In the example shown in FIG. 4, after the time series image is gradation-processed using the gradation conversion table to reduce the contrast (gradation processing means), the image processing (gradation processing) is performed. The added time-series image is added to the difference image (image adding means), and the added image is displayed (image display means). By reducing the contrast of the time-series image, the time-varying part that is emphasized in the difference image is
This is to prevent the time-varying portion from becoming difficult to detect because it is buried in the fine shadows of the structural portion that does not change with time in the added image. It can be displayed on the image of the structure that does not change with time in an easily visible form. Then, by observing the added image, it becomes possible to clarify the positional relationship with the structure that has not changed with time and easily detect the changed portion with time.

In the example shown in FIG. 5, the time-series image is subjected to the non-sharpening processing as the frequency processing (frequency processing means), and then added to the difference image (image addition means), and the added image is displayed. (Image display means). The non-sharpening process is, for example, a so-called blurring in which an average value of image data is obtained for each of a plurality of image areas each having a plurality of pixels in the vertical and horizontal directions and the average value is replaced with image data of a central pixel of the image area. An image is generated.

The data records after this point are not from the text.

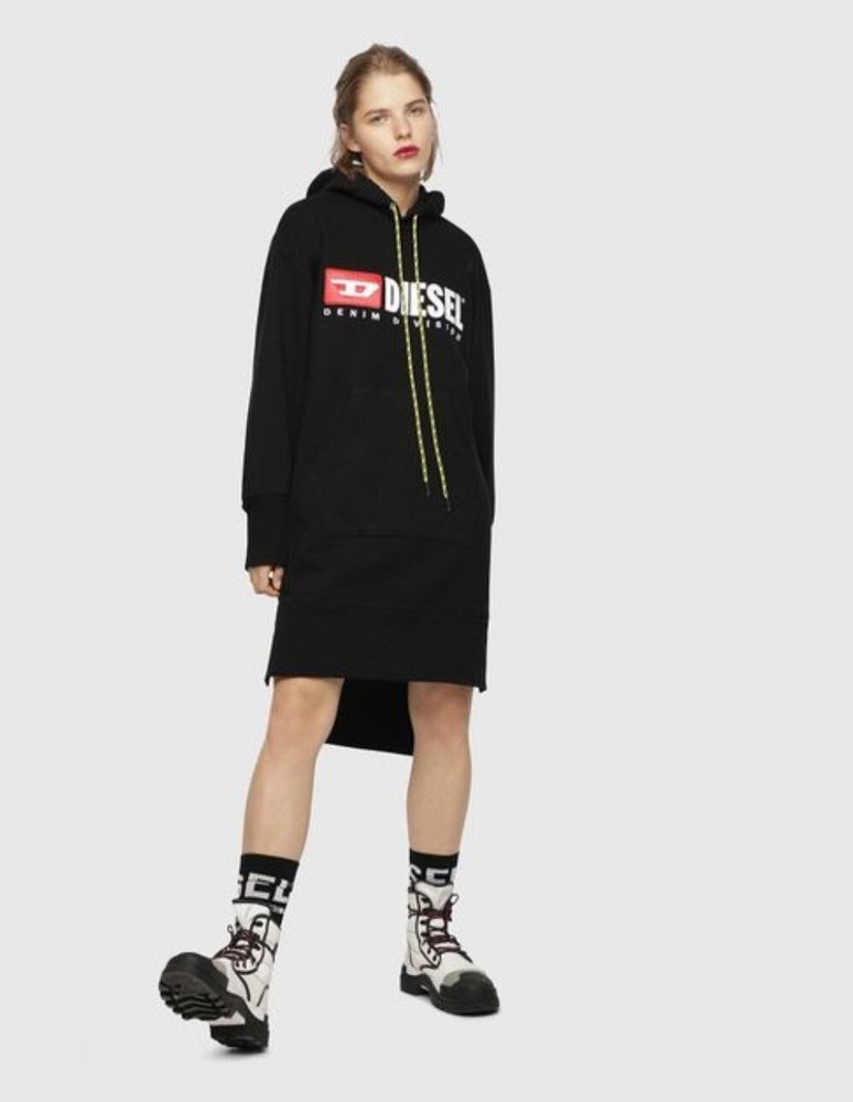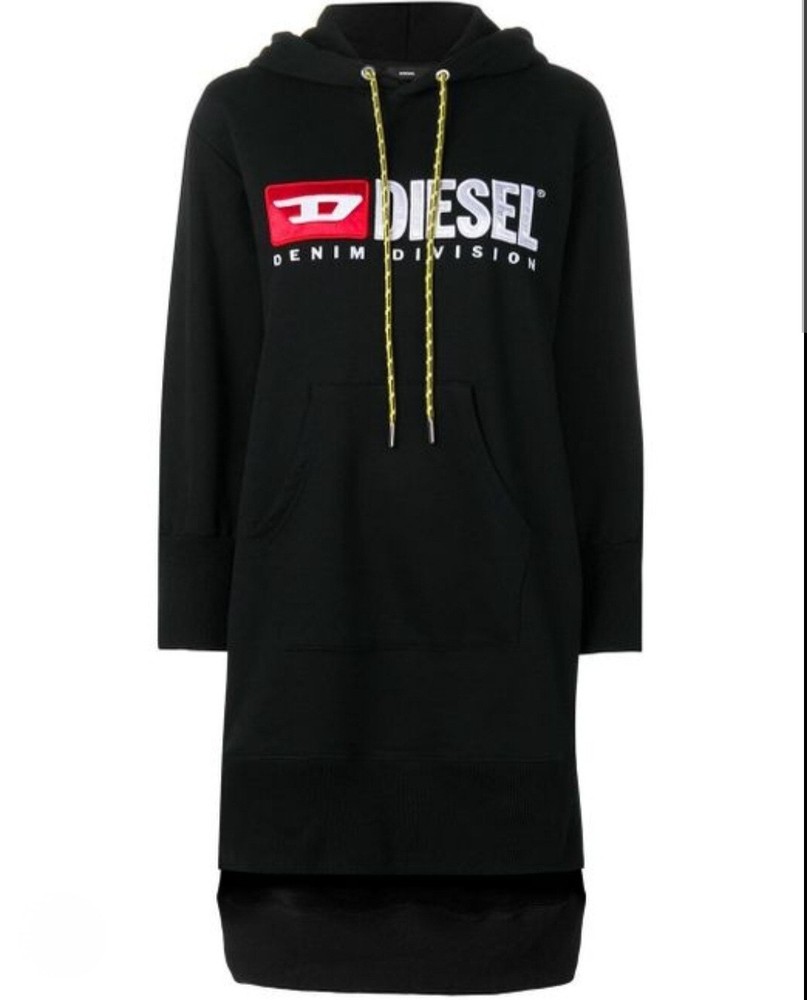 Elevate your casual wardrobe with this stylish Diesel hoodie dress. The perfect combination of comfort and fashion, this oversized jumper features a hooded neckline, long sleeves and an embroidered logo accent. Made from high-quality cotton material, it's machine washable for easy care. This black hoodie dress is ideal for the colder seasons, with its autumn, winter and spring features. Perfect for a relaxed fit, it's great for casual occasions and can be personalised with no instructions. Whether you're out for a casual meet up or just lounging at home, this hoodie dress is the perfect addition to your wardrobe.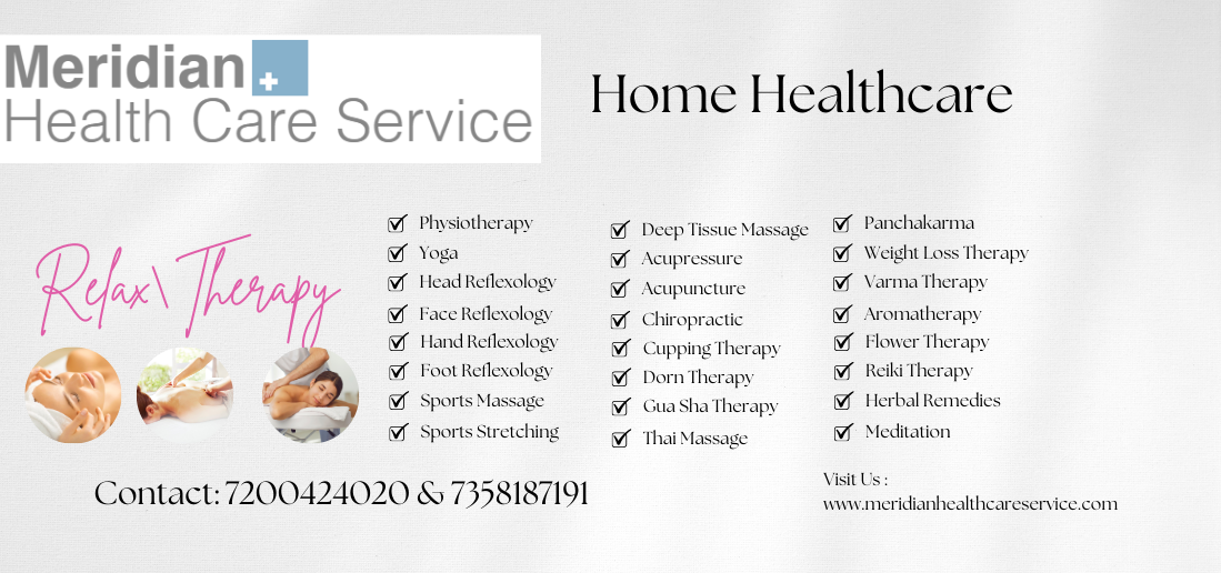At Meridian Health Care Service, we are dedicated to providing exceptional, personalized care to our patients. Our team of experts offers a broad range of services including Physio Varma, foot reflexology, Ayurvedic massage, Thai massage, deep tissue massage, sports massage, sports stretching, weight loss therapy, cupping therapy, Panchakarma, chiropractic, acupuncture, acupressure, and Dorn therapy.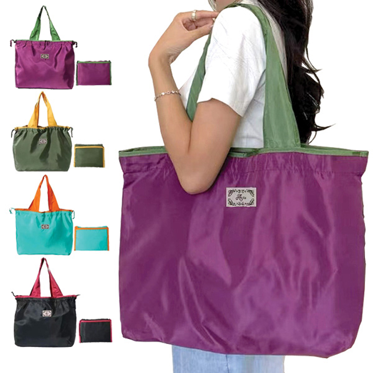 모모카멜 투톤 컬러 포켓 에코백 대형 시장가방 HE23 (45*36*12cm)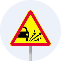 1.11 Ділянка дороги з буграми, напливами чи неплавним стикуванням конструкцій мостів. Знак також може застосовуватися перед штучно створюваними буграми у місцях, де необхідно примусово обмежити швидкість руху транспортних засобів (небезпечні виїзди з прилеглих територій, місця з інтенсивним рухом дітей через дорогу тощо).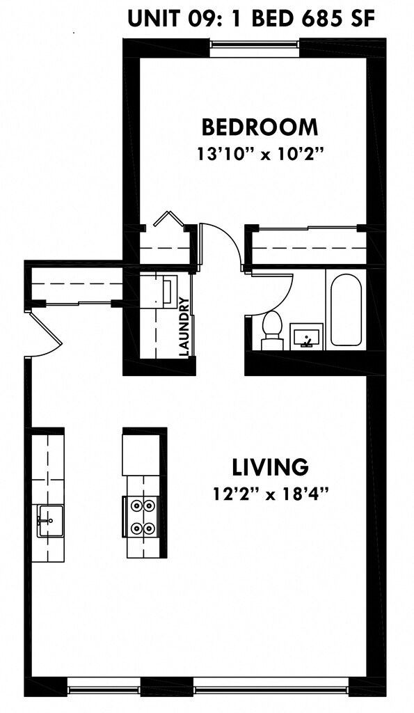 1 Dormitorio, 1 Baño, 750 pies²Disponible AhoraGalería del Modelo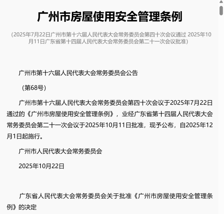 在广州,《广州市房屋使用安全管理条例》于近日经人大常委审议通过,将于12月1日起实施。

In this case as well, the time-varying portion emphasized in the difference image is prevented from being buried in the portion having no time-varying portion in the added image by the desharpening process for the time-series image, and the time-varying portion is removed. Accurate position and area can be detected. Further, in the example shown in FIG. 6, the time-series image is subjected to high-frequency extraction processing as frequency processing (frequency processing means) to extract the contours of the time-series image, and the time-varying portion emphasized in the difference image. Avoids being difficult to find due to camouflaging by the low-frequency shadow of the structure in the added image.

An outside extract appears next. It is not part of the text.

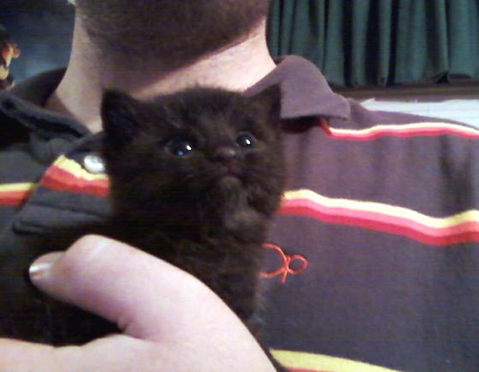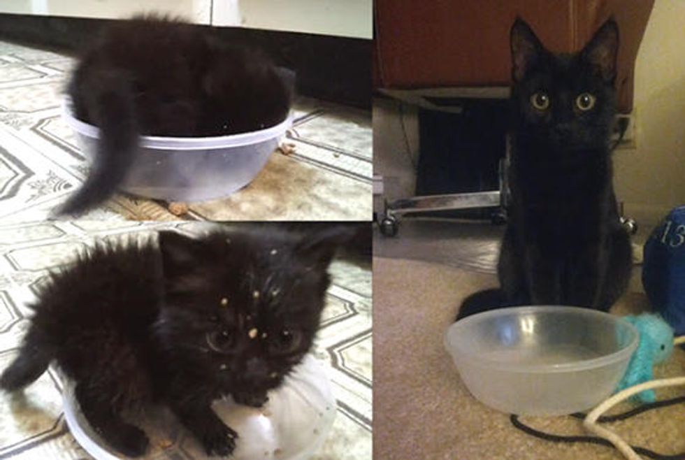 A black tiny kitten found a second chance at life around Halloween last year. No one was there to claim her until a kind man and his family who took her home, nursed her and turned her into a beautiful lady cat that she is today. She stole his human dad's heart and made him a cat convert for life.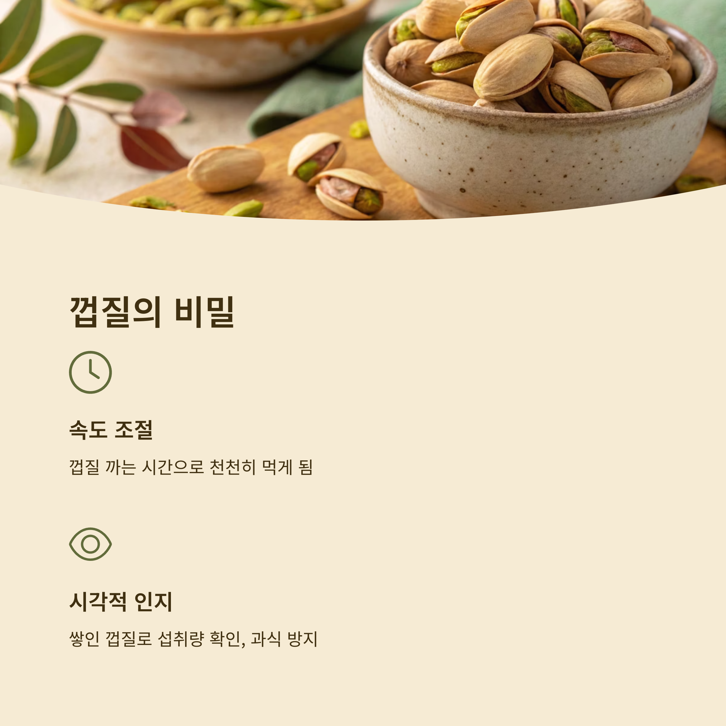 피스타치오는 영양 성분뿐만 아니라 '먹는 방식' 자체에도 다이어트의 비밀이 숨어있습니다. 바로 껍질을 직접 까서 먹는 행위입니다.

In the above embodiment, the time series image (original image) is subjected to image processing such as gradation processing and frequency processing (image processing means) and then added to the difference image (time series processed image). However, conversely, a configuration may be adopted in which the difference image is subjected to image processing and then added to the time series image, and an embodiment corresponding to this may be shown in FIG. In the example shown in FIG. 7, the difference image (time-series processed image) is subjected to gradation processing for emphasizing contrast by conversion of image data by a preset gradation conversion table (gradation processing means), The difference image that has been subjected to gradation processing is added to the time-series image (original image) (image adding means) to display the added image (image display means).

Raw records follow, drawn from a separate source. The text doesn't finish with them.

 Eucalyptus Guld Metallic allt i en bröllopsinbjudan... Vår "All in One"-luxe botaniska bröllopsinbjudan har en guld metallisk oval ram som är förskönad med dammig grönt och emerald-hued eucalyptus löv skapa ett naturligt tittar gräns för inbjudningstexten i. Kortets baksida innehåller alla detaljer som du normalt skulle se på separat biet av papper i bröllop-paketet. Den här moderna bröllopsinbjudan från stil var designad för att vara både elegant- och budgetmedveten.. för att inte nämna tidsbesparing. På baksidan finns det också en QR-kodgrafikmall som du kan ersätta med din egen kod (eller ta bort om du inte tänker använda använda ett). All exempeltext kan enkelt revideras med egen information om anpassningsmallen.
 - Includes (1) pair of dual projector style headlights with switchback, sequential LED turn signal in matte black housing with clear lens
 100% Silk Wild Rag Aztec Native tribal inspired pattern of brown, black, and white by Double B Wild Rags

As described above, when the gradation processing for emphasizing the contrast of the difference image is performed and then added to the time-series image to obtain the added image, the time-varying portion emphasized in the difference image is It is possible to prevent the addition image from being buried in the shadow of the time-series image, and thus it is possible to clearly present the positional change portion with respect to the normal structure and present it in an easy-to-see manner.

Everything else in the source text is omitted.